Patulin Detoxification by Recombinant Manganese Peroxidase from Moniliophthora roreri Expressed by Pichia pastoris

Abstract

The fungal secondary metabolite patulin is a mycotoxin widespread in foods and beverages which poses a serious threat to human health. However, no enzyme was known to be able to degrade this mycotoxin. For the first time, we discovered that a manganese peroxidase (MrMnP) from Moniliophthora roreri can efficiently degrade patulin. The MrMnP gene was cloned into pPICZα(A) and then the recombinant plasmid was transformed into Pichia pastoris X-33. The recombinant strain produced extracellular manganese peroxidase with an activity of up to 3659.5 U/L. The manganese peroxidase MrMnP was able to rapidly degrade patulin, with hydroascladiol appearing as a main degradation product. Five mg/L of pure patulin were completely degraded within 5 h. Moreover, up to 95% of the toxin was eliminated in a simulated patulin-contaminated apple juice after 24 h. Using Escherichia coli as a model, it was demonstrated that the deconstruction of patulin led to detoxification. Collectively, these traits make MrMnP an intriguing candidate useful in enzymatic detoxification of patulin in foods and beverages.

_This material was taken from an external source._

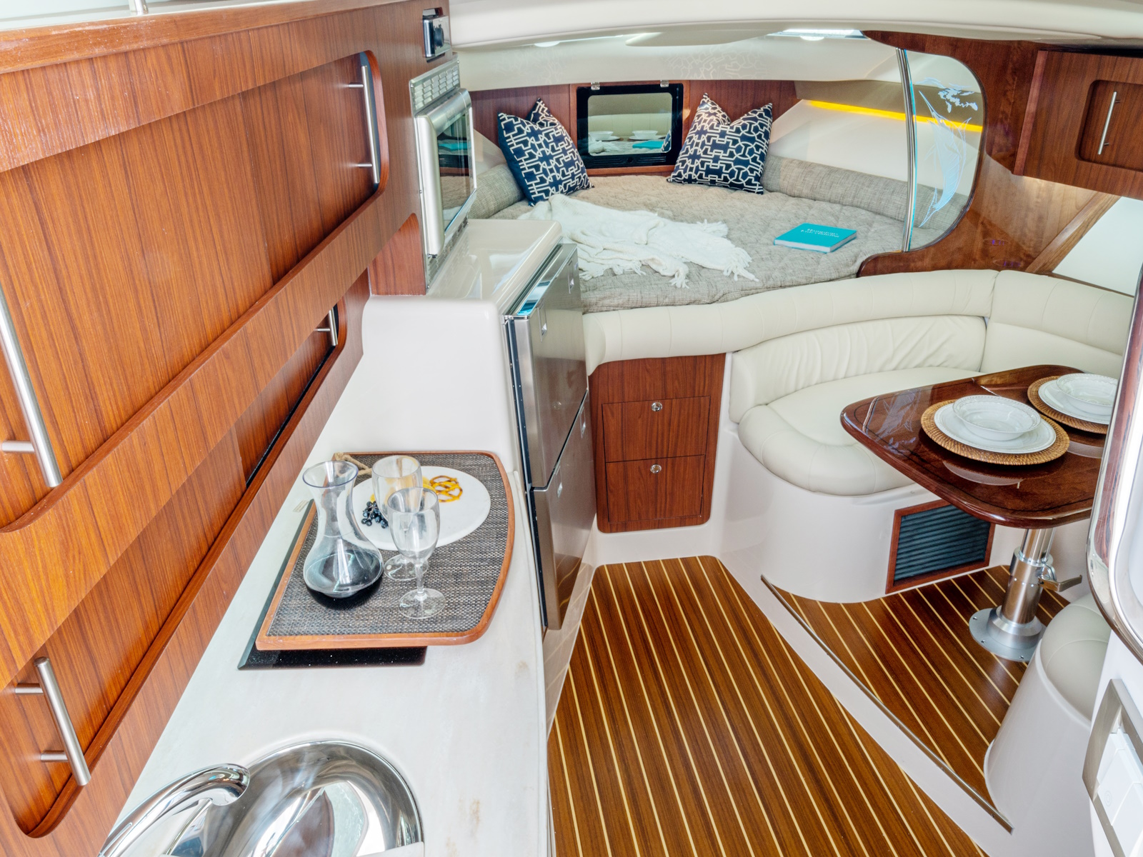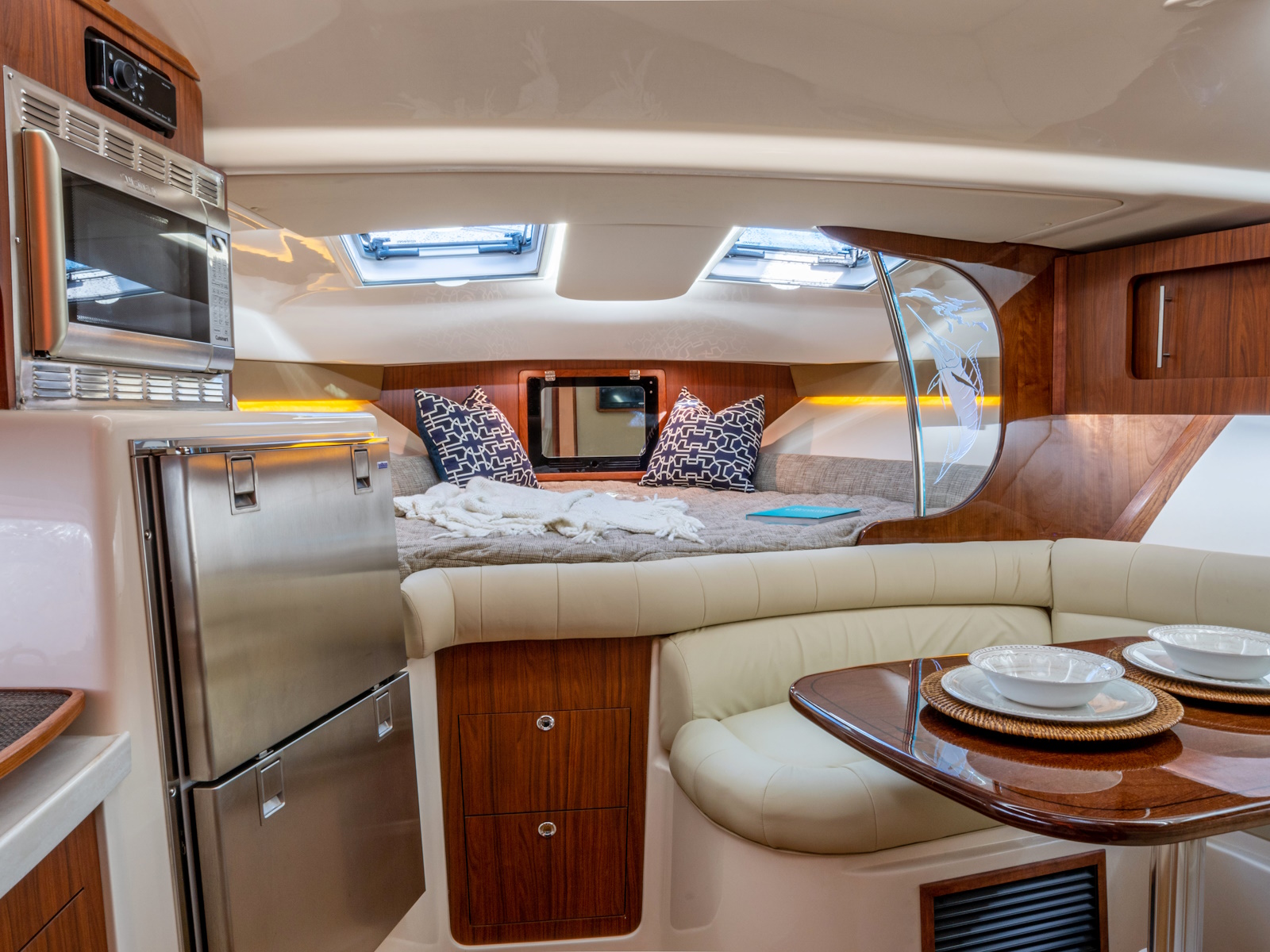 - Seating - starboard lounge seat w/convertible configurations & hideaway folding table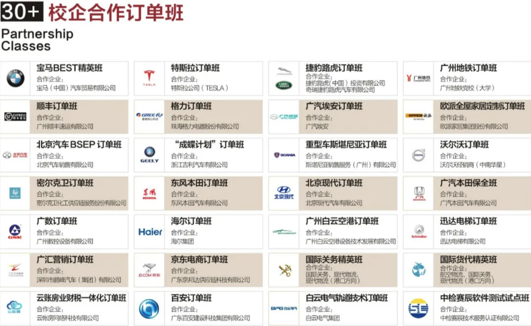 学校与超过1000家企业建立了合作关系,与宝马、广汽埃安、广州地铁、京东、顺丰等名企共建订单班和实训基地,确保教学与岗位需求无缝对接。

Keywords: apple juice; detoxification; manganese peroxidase; mycotoxin; patulin.

Figure 1

Schematic diagram showing the use of a recombinant MrMnP expressed in P. pastoris to degrade and detoxify patulin, a mycotoxin commonly discovered in fruits.

Figure 2

Expression of MrMnP in P. pastoris. (A) The plasmid map of pPICZα(A)-MrMnP. (B) SDS-PAGE analysis of the MrMnP enzyme recombinantly produced in P. pastoris. The arrow indicates the recombinant MrMnP protein. Lane M: protein molecular mass marker; 1: MrMnP protein recombinantly produced in P. pastoris.

Figure 3

Effects of the buffer components on patulin transformation. The reactions were carried out by incubating 0.5 U/mL of MrMnP with 5 mg/L of patulin in one of the buffers containing malonate, acetate, oxalate, citrate, lactate, phosphate, MES, and HEPES at 30 °C for 24 h. The data in the picture is the average ± standard deviation, *** p < 0.001, One Way anova test.

Figure 4

Mn²⁺ played an important role in degrading patulin. The reactions were carried out by incubating 0.5 U/mL of MrMnP with 5 mg/L of patulin in the acetate or malonate buffer in absence or presence of Mn²⁺ at 30 °C for 24 h. Then the products were analyzed by HPLC.

Figure 5

MrMnP-catalyzed degradation of patulin led to detoxification. (A) Patulin was toxic to E. coli as demonstrated by retarded growth of the bacterium. A series of concentrations (1, 10, 50, and 100 mg/L) of patulin were added to equal amounts of E. coli and the culture was continued at 37 °C for 12 h. (B) MrMnP-catalyzed degradation of patulin alleviated the retarding effect of patulin on E. coli. Patulin (1, 10, 50, and 100 mg/L) was first treated with 0.5 U/mL of MrMnP at 30 °C for 24 h and then added to E coli.

Figure 6

Identification of hydroascladiol as one major transformation product of patulin. PAT was incubated with 0.5 U/mL of MrMnP in 50 mM malonate buffer (pH 5.0) supplemented with 1 mM MnSO₄ and 0.1 mM H₂O₂ and the reaction was carried out at 30 °C for 8 h. The degradation products were analyzed by HPLC–MS/MS.

Figure 7

MrMnP efficiently catalyzed degradation of patulin in a simulated patulin-contaminated apple juice. The reactions were carried out by incubating 0.5 U/mL of MrMnP with 5 mg/L in absence (or presence) of apple juice. The samples were periodically taken out for HPLC analysis. The data in the picture is the average ± standard deviation, *** p < 0.001, ** p < 0.01, * p < 0.05, One Way anova test.